-- Extracted records follows --

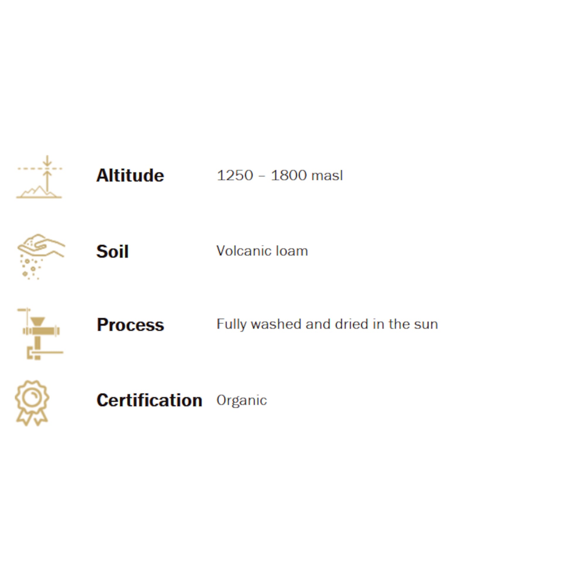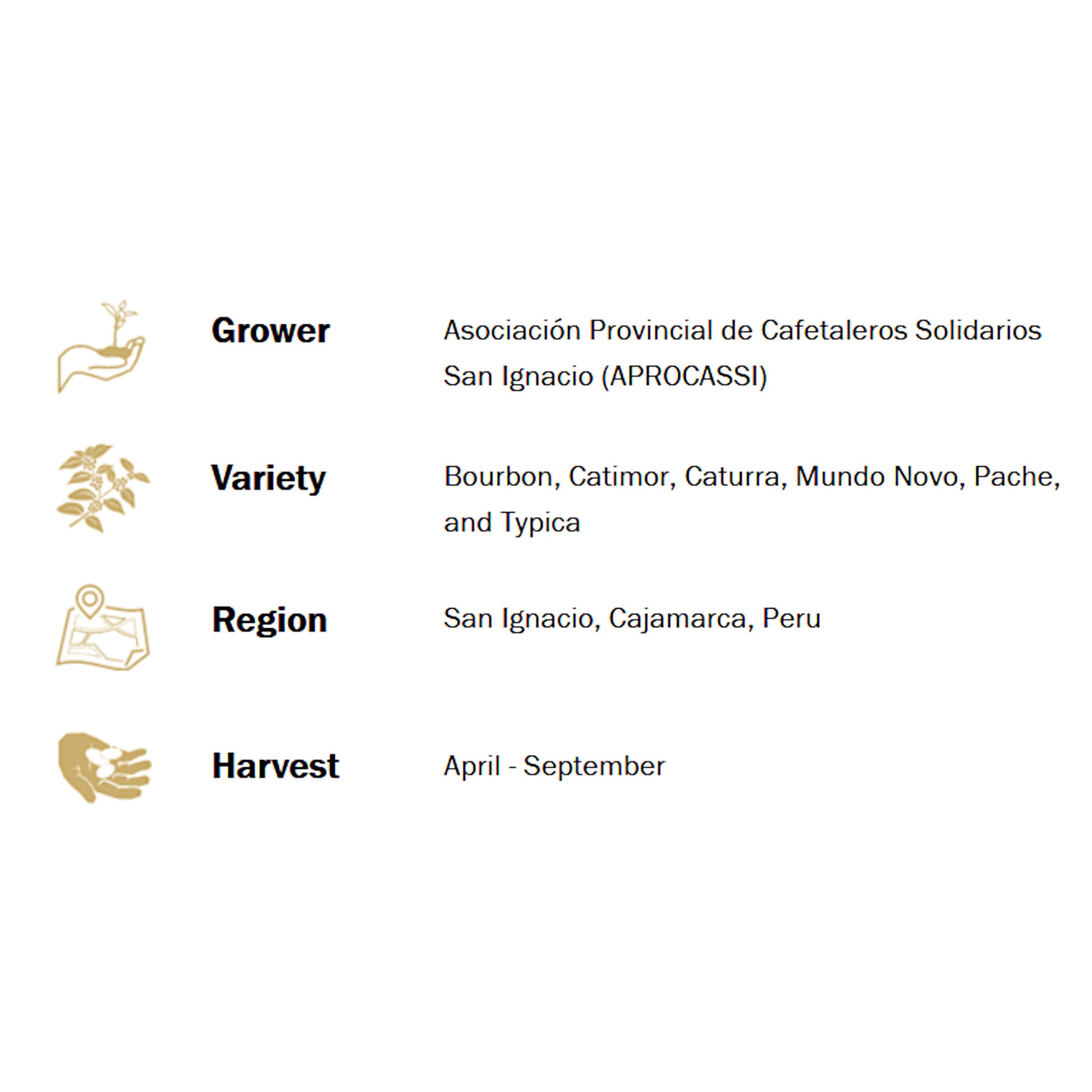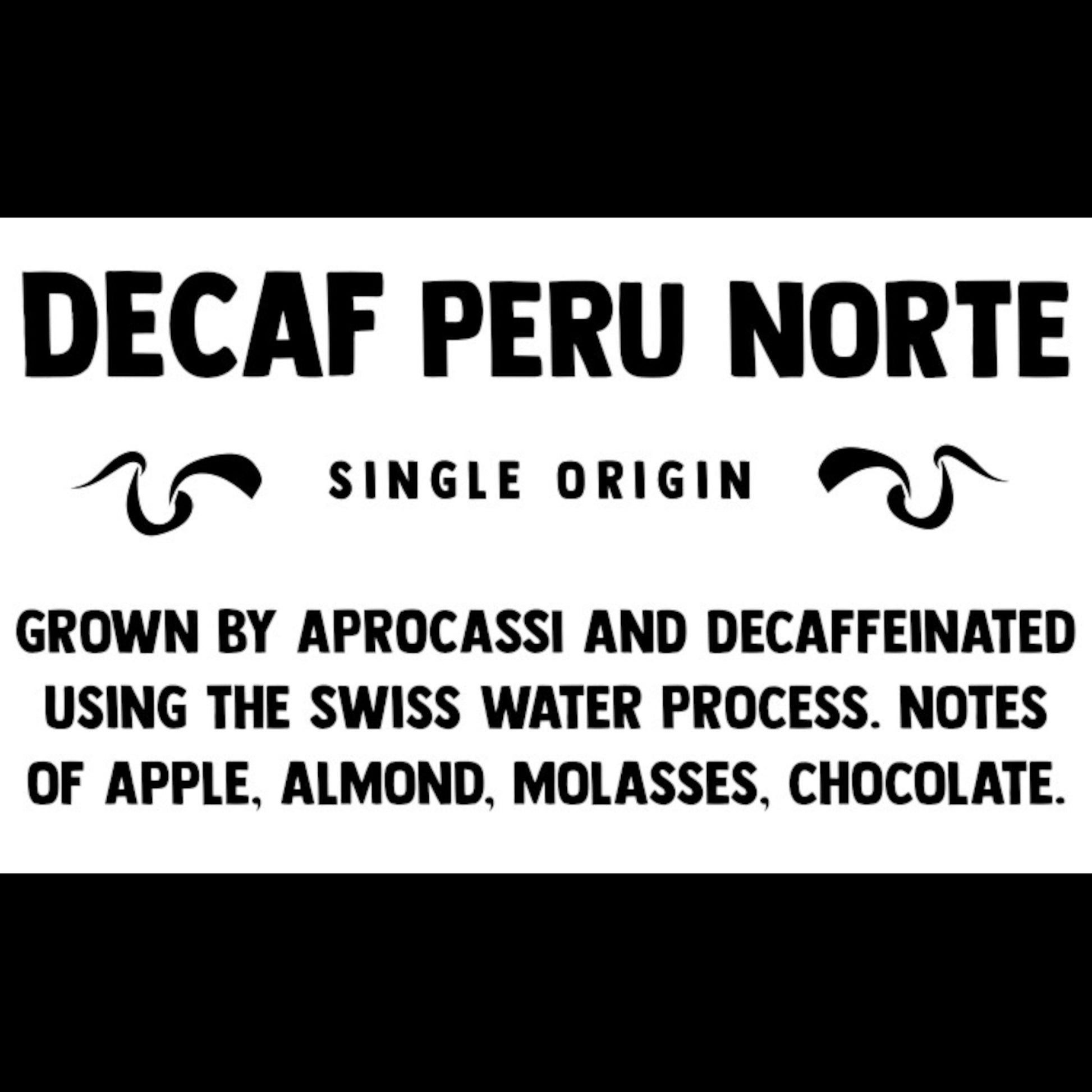 Grown by producers from San Ignacio in Cajamarca, Peru. During the water process, the green coffee is pre-soaked in water to expand the beans for caffeine extraction. The hydrated green coffee is then introduced to a unique solution of concentrated coffee solubles that draw out the caffeine while minimizing the loss of flavor compounds. Once the caffeine has been removed the green coffee is re-dried and re-bagged for transport, and the extract solution is filtered of its caffeine and recycled to be used again.
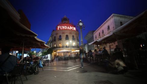 El histórico luminoso de Bodegas Fundador, cuyas letras habían desaparecido de forma temporal, han vuelto a lucir en lo alto del emblemático edificio del Gallo Azul, situado en el centro de Jerez.
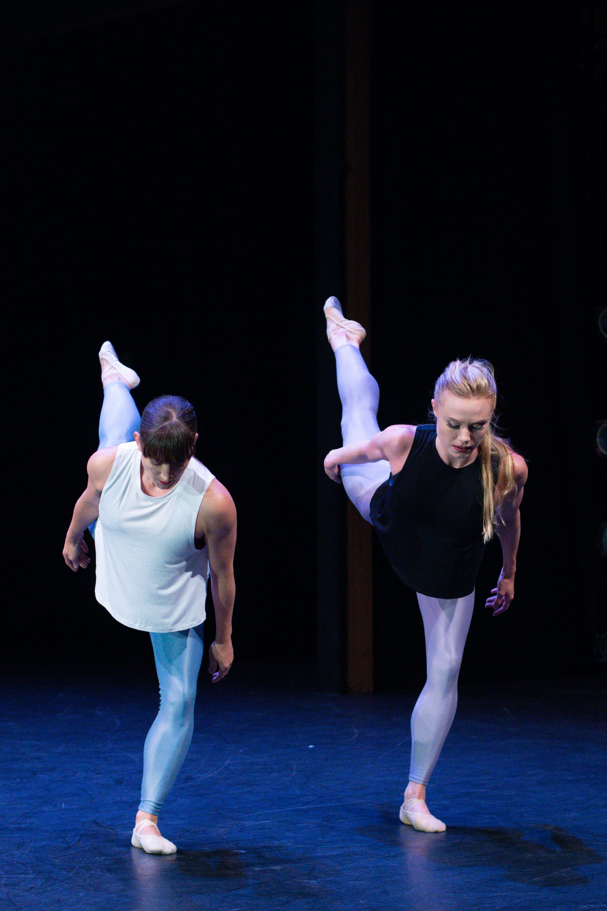 Gerring has the dancers working first on opposite sides of the stage, each appearing initially in arabesque. They go on to execute unrelated movement, but then suddenly coalesce into the same steps and gestures. Throughout the dance, disparity moves into synchronicity just when it seems needed. Because the duet was made for two ballet dancers, and the vocabulary incorporates a number of ballet steps such as arabesque, passé and grand battement, the women looked comfortable and at ease. They didn’t make eye contact until near the end of the dance, and when they did, they were smiling.
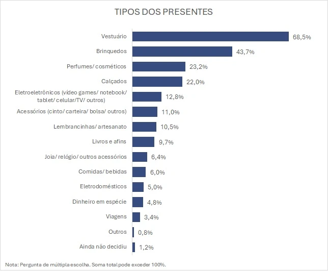 Os itens de vestuário lideram a lista dos mais procurados, sendo mencionados por 68,5% dos entrevistados. Os brinquedos aparecem em seguida, com 43,7% das intenções de compra. Perfumes e cosméticos (23,2%), calçados (22%), eletroeletrônicos (12,8%), acessórios (11%), lembrancinhas ou artesanato (10,5%) e livros (9,7%) também figuram entre as opções mais citadas.
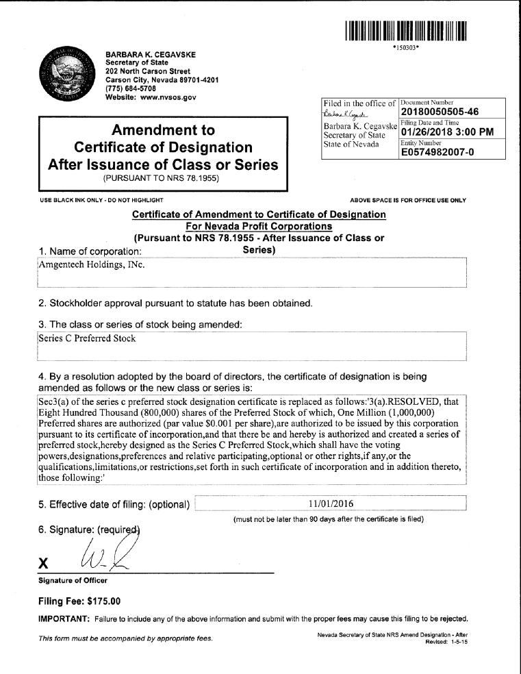 Pursuant to the requirements of Regulation A, the issuer certifies that it has reasonable grounds to believe that it meets all the requirements for filing on Form 1-A and has duly caused this offering statement to be signed on its behalf by the undersigned, thereunto duly authorized in Ormond Beach, FL, on the 27th day of January, 2020.
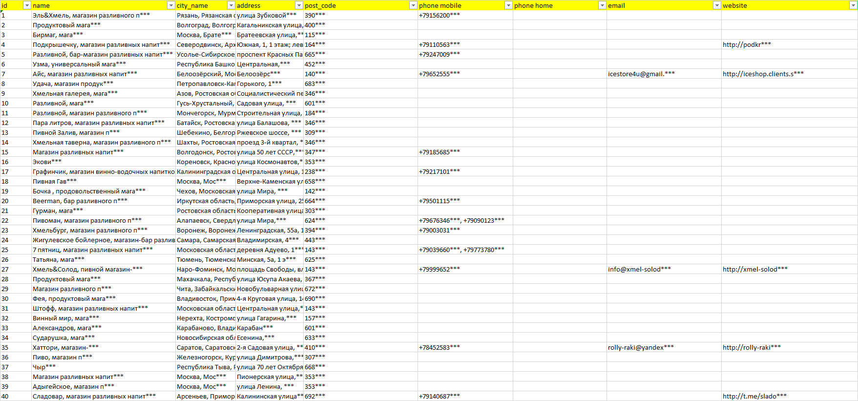 База компаний разливное пиво, вся РФ в формате Excel с эл. почтами, телефонами, сайтами, ссылками на соц сети, координатами и другой информацией. Скачайте демо версию, чтобы ознакомиться с данными.
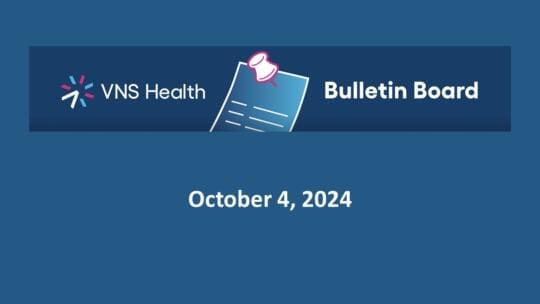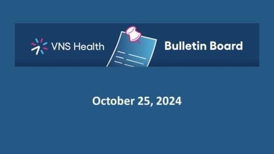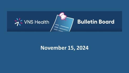 November 15, 2024–Welcome to the Frontline Bulletin Board! Here is the latest news on hires, promotions, recognitions, and events at VNS Health. If you have an announcement that you’d like to be featured on the Bulletin Board, please contact the Communications team at [email protected]. Keep in mind that only items that are relevant to team members across the entire organization will be featured on the Frontline Bulletin Board. Thank you! Were You Unable to Attend the November CEO Zoom This Past Tuesday? Catch a Recording of it Here! This past Tuesday, November 12th, Dan Savitt held his “CEO Zoom Call” for the month of November. We are happy to share the recording of that call with you in case you missed it, or if you just want to hear it again! Click here to listen or watch the Zoom Call now. Crain’s Names CEO Dan Savitt and CFO Keith Patterson as 2024 “Health Care Notables” Congratulations
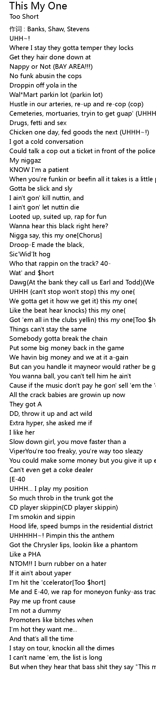 | Got 'em all in the clubs yellin} this my one[Too $hort] | |
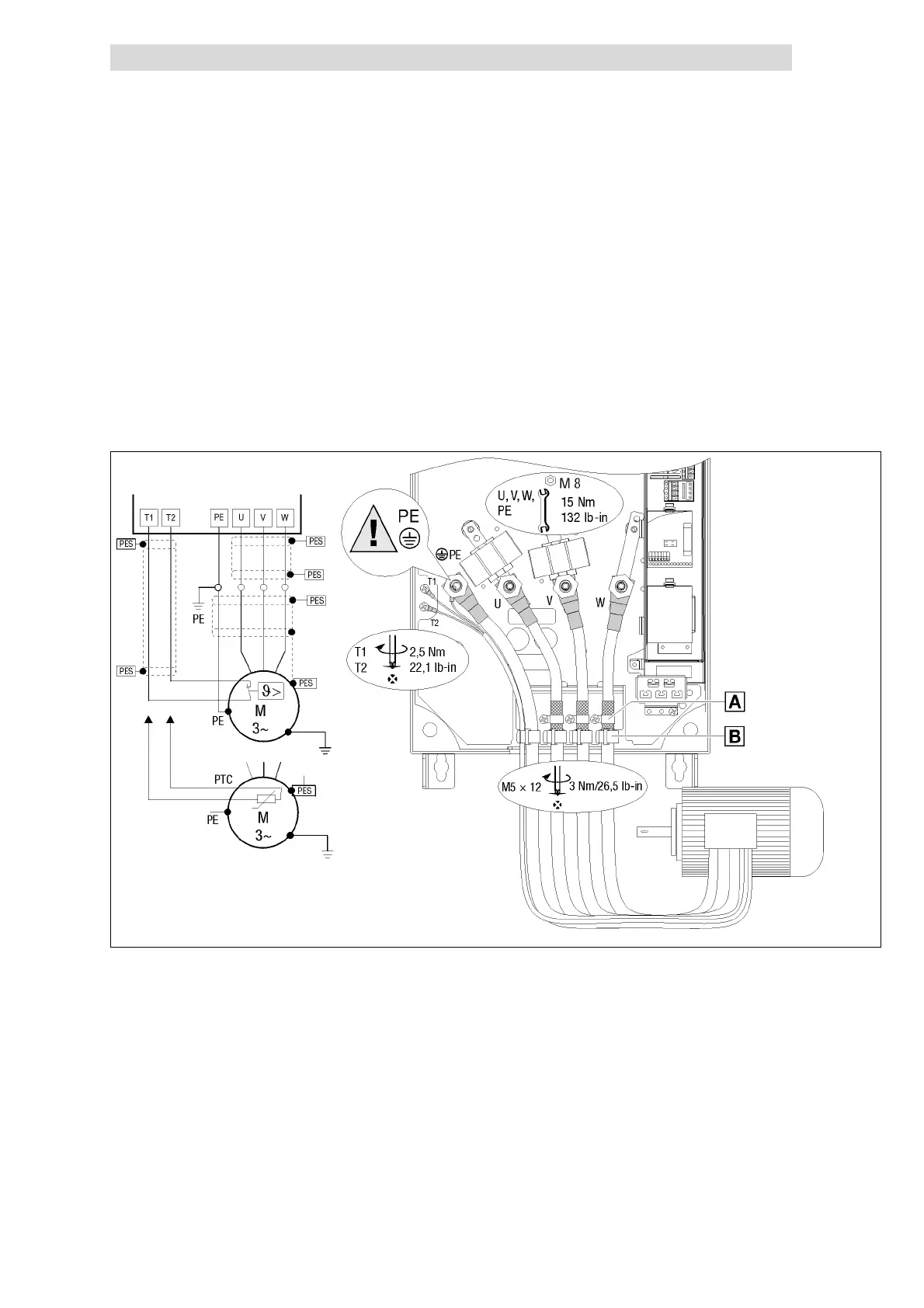 Route a separate cable (shielded) to X2/T1 and X2/T2 for the motor
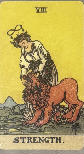 力量图案上有只狮子,在占星学上也与狮子座对应。狮子座拥有无上的勇气与领导力,在这里与女性特质结合,表现出来的不是壮汉的蛮力,而是内心的坚韧。试想,单人驯服一头狮子,用武力绝对是自讨苦吃,所以其必须运用她所拥有的特质,用柔性的力量来驯化狮子。要这么做,首先其必须拥有超人的勇气,否则其怎敢接近狮子呢?再来,其得拿出信心,深信自己会成功,这样的信心让其散发出自信的光芒,温和中自有一股威严让狮子降服。最后则是耐心,其必须慢慢来赢得狮子的信任,就像马戏团里的驯兽师一样,必得经过许多次的练习及失败,才能成功驯服猛兽。相同的道理也可以运用在克服内心的兽性与恐惧、愤怒与冲动,也就是克服我们内在的那头狮子。每个人都有本能的一面,也许当事人目前正面临心中欲望的交战,极力克服来自内心深处的那股冲动,力量牌则教导我们要接近它、倾听它、理解它并日驯服它。
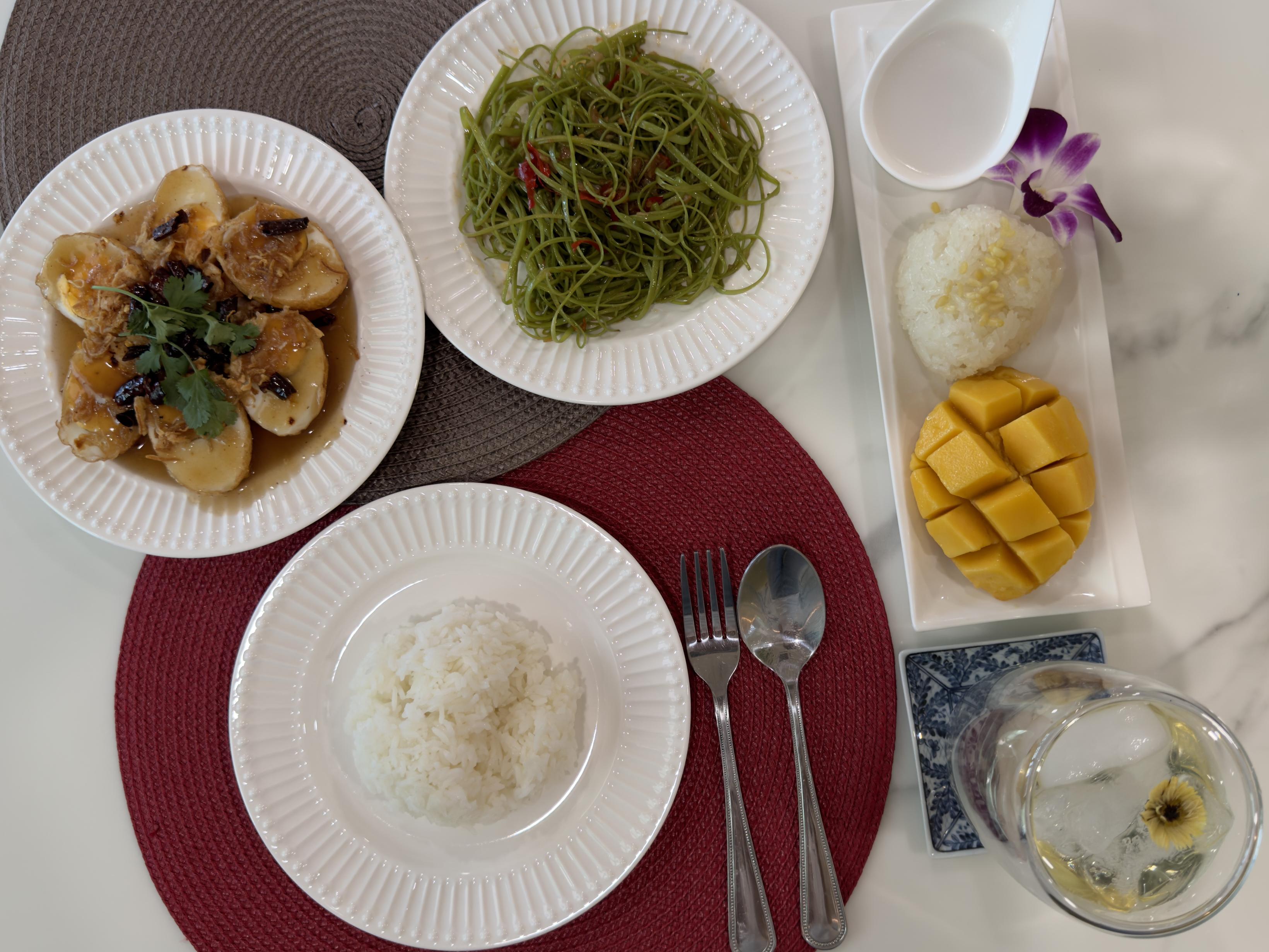 In-home meal: (1-5 guests) A meal at Apple’s home offers a unique and delightful culinary experience in Bangkok, where guests can enjoy both Thai and Chinese-inspired dishes while soaking in the charm of her rustic yet vibrant surroundings. After you've been picked up from the monorail station, enjoy the scenic ride to Apple's home through the countryside, passing rice fields and occasionally spotting cows and buffalos along the way. Then at Apple’s dining table, you’ll share a home-cooked Thai meal that features authentic dishes rarely found in restaurants, showcasing family favorites passed down through generations. The meal begins with refreshing drinks like pandan juice or lemongrass juice. For appetizers, you’ll taste morning glory salad with shrimp and pork. The main course is served with fragrant jasmine rice or vibrant butterfly pea rice (with its striking purple hue), and may include chicken green curry with winter melon or stir-fried pork with garlic and pepper or fried boiled egg with tamarind sauce. To finish the meal, indulge in a comforting poached banana in sweet coconut milk with coconut meat. This experience at Apple’s home combines delicious flavors, traditional family recipes, warm hospitality and introduction to Thai food and culture.
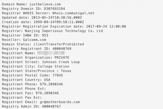 The domain "justbelieve.com" is currently WHOIS privacy protected, but it wasn't always this way. The domain was also the subject of some recent Uniform Domain Name Resolution Policy (UDRP) proceedings. According to both the archived WHOIS record that appears below, and the March 2014 UDRP, the domain was registered at the Nanjing Imperiosus registrar using the email address [email protected].
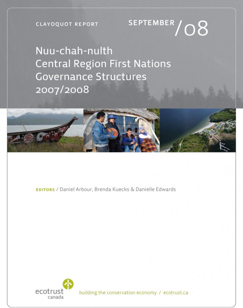 Ecotrust Canada has learned a tremendous amount from the local First Nations researchers who helped to write this report and we are grateful for the lessons learned from our First Nations friends and colleagues. We learned that the governance structures in First Nations are not only alive and vibrant, but also that they have much to teach us.

-- Extracted records concluded --

#### [Prompt]
Instructions for the copy: start at the first entry, stop after the line containing "El histórico luminoso", keep every line exact, and drop the pictures.

#### [Written response]
 Grown by producers from San Ignacio in Cajamarca, Peru. During the water process, the green coffee is pre-soaked in water to expand the beans for caffeine extraction. The hydrated green coffee is then introduced to a unique solution of concentrated coffee solubles that draw out the caffeine while minimizing the loss of flavor compounds. Once the caffeine has been removed the green coffee is re-dried and re-bagged for transport, and the extract solution is filtered of its caffeine and recycled to be used again.
 El histórico luminoso de Bodegas Fundador, cuyas letras habían desaparecido de forma temporal, han vuelto a lucir en lo alto del emblemático edificio del Gallo Azul, situado en el centro de Jerez.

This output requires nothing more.